2025 Soligo: Festa della Fameja alpina
Attività
GRUPPO SOLIGO
FESTA "FAMEJA ALPINA"
Gli alpini di Soligo inaugurano la nuova piazzetta con la panchina a forma di penna, opera dell'artista Valentino Moro di Miane, simbolo di memoria ed identità Alpina
Fiamme Verdi Dicembre 2025 di Rudy Pancot

Una domenica all'insegna dell'orgoglio, della memoria e del senso di comunità quella vissuta domenica 20 luglio 2025 a Soligo, dove il Gruppo Alpini Soligo M.O.V.M. Sante Dorigo ha festeggiato con entusiasmo l'inaugurazione della nuova piazzetta, verso la quale si affaccia la sede, arricchita da un'opera unica nel suo genere: una panchina a forma di penna d'alpino, realizzata dall'artista Valentino Moro di Miane.
La cerimonia, partecipata da autorità civili, militari e da numerosi cittadini, ha rappresentato un momento significativo per la comunità. Dopo l'alzabandiera e la deposizione di una corona al monumento dedicato a Sante Dorigo, il corteo ha sfilato lungo le vie del paese fino a raggiungere la sede del Gruppo.
Qui il capogruppo ha preso la parola per ricordare l'importanza del ricordo e della coesione, valori che da sempre caratterizzano l'Associazione Nazionale Alpini.
Particolarmente emozionante il momento dello svelamento della panchina artistica, collocata al centro della nuova piazzetta. L'opera, in metallo e marmo, riproduce con maestria e simbolismo la celebre penna che adorna il cappello alpino: un omaggio all'identità, al sacrificio e alla fierezza del corpo degli Alpini. Valentino Moro, artista noto per le sue installazioni dal forte impatto emotivo, ha voluto esprimere attraverso linee semplici ma potenti “la leggerezza del ricordo e la solidità dei valori alpini”.

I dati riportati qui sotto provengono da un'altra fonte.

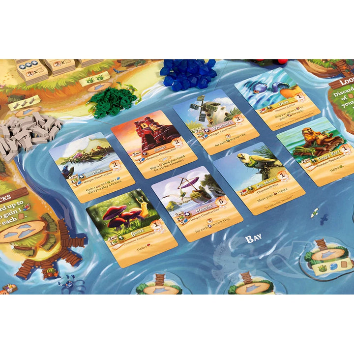 This is the country of Farshore. Through each season, you will be leading a crew of critter workers to build up a prosperous city and to explore the enchanting ocean beyond. You must plan your actions carefully in order to build and to sail, for only by adapting to the winds of change will you succeed.
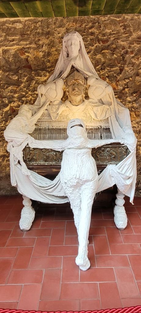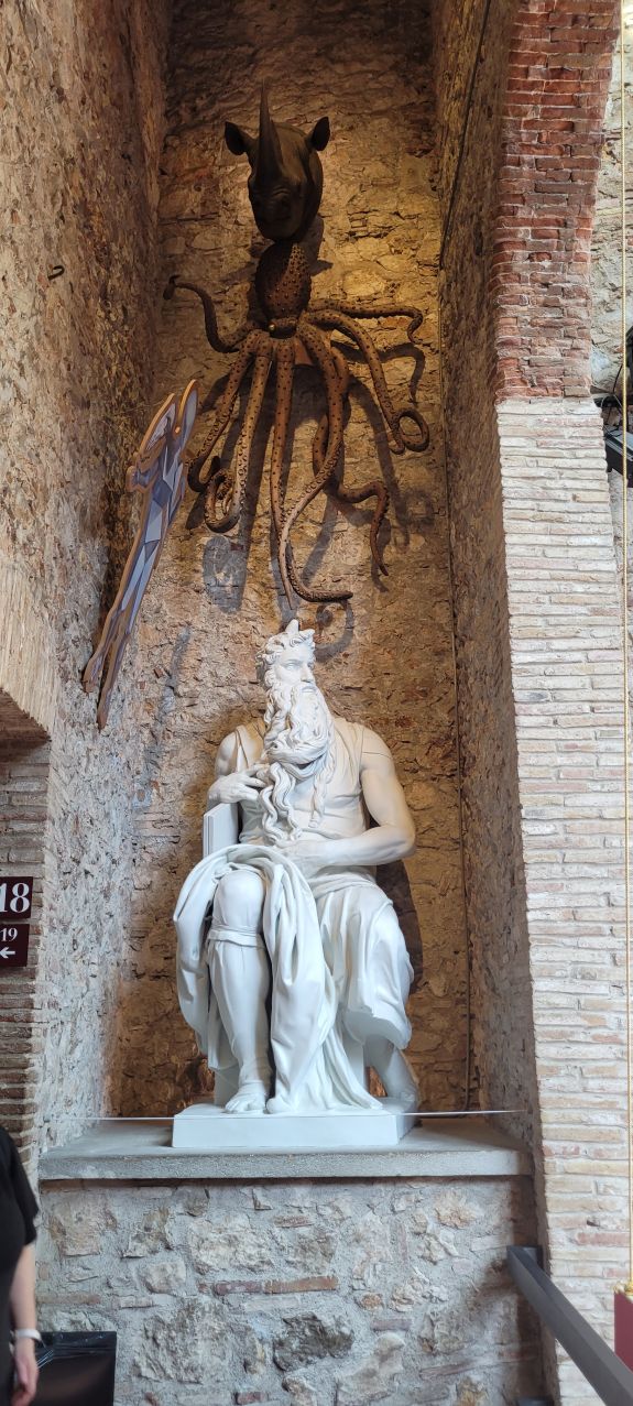 Camino a la Sala del Tesoro, llama la atención una escultura, homenaje a El Poli y la Puça (el piojo y la pulga), Amadeu Torres y Teresa Marqués, dos personajes legendarios de sus recuerdos de infancia, dos personajes populares de la Figueres de principio de siglo XX, que tocaban el manubrio por las calles a cambio de unas cuantas monedas.
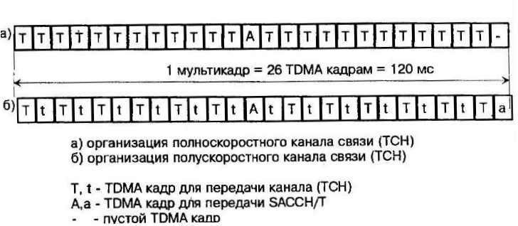 Для передачи каналов связи ТСН и совмещенных каналов управления FACCH и SACCH используется 26-кадровый мультикадр. Объединение каналов связи с полной и половинной скоростью с медленным совмещенным каналов управления SACCH показано на рис. 2.3. В полноскоростном канале связи в каждом 13-м TDMA кадре мультикадра передается пакет информации канала SACCH; каждый 26-й TDMA кадр мультикадра свободен. В полускоростном канале связи пакет информации канала SACCH передается в каждом 13-м и 26-м TDMA кадрах мультикадра.
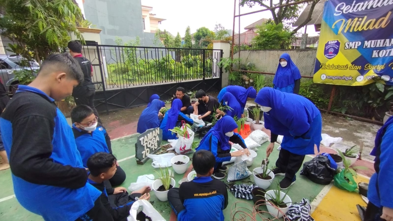 SOLO, SINDOSOLO.NEWS – Siswa SMP Muhammadiyah Program Khusus (PK) Kottabarat Surakarta mengikuti kegiatan perlombaan Jumynem Ceria (Jumat Yuk Nanem Ceria) di sekolah pada Jumat (20/1). Kegiatan yang diikuti 345 siswa kelas 7, 8, dan 9 tersebut bertujuan meningkatkan kecintaan dan kepedulian siswa terhadap lingkungan hidup.
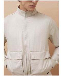 Stand Collar Textured Jacket for Men Modern Everyday Wear
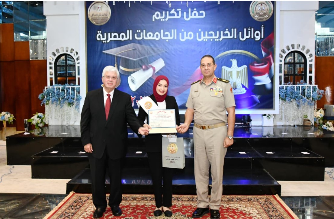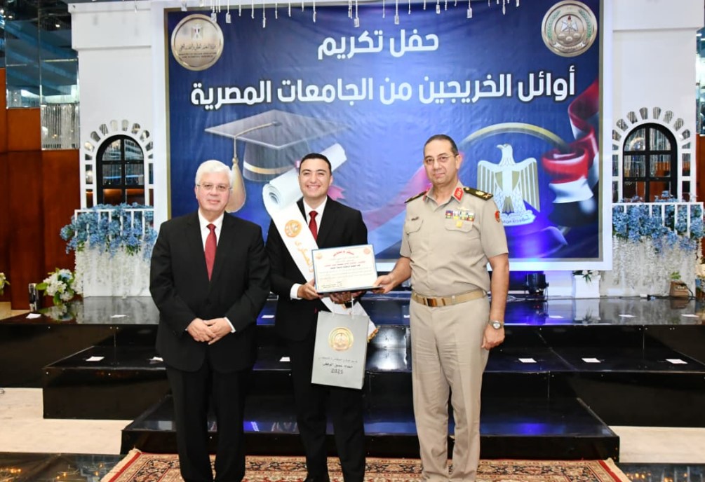 فى إطار حرص القوات المسلحة على تعزيز أوجه التعاون مع كافة الوزارات والمؤسسات بالدولة إيماناً بأهمية التكامل فى الدور المجتمعى والتنسيق المشترك الذى يعود بالنفع على الوطن بكافة المجالات ، نظمت قوات الدفاع الشعبى والعسكرى بالتعاون مع وزارة التعليم العالى والبحث العلمى إحتفالية لتكريم أوائل الطلبة من خريجى الجامعات المصرية للعام الدراسى الماضى تقديراً لتميزهم العلمى وحرصهم على التفوق خلال مختلف المراحل الدراسية , وذلك بحضور الدكتور أيمن عاشور وزير التعليم العالى والبحث العلمى .

A seguire la giornata è proseguita con il pranzo e momenti di convivialità sotto il tendone allestito presso l'Eremo di San Gallo, arricchito dalla presenza della Fanfara Alpina di Conegliano; canti, racconti e tanta allegria in pieno spirito alpino. Presente anche una rappresentanza delle Penne Nere dei gruppi limitrofi, che hanno voluto testimoniare la vicinanza a una realtà da sempre attiva sul territorio.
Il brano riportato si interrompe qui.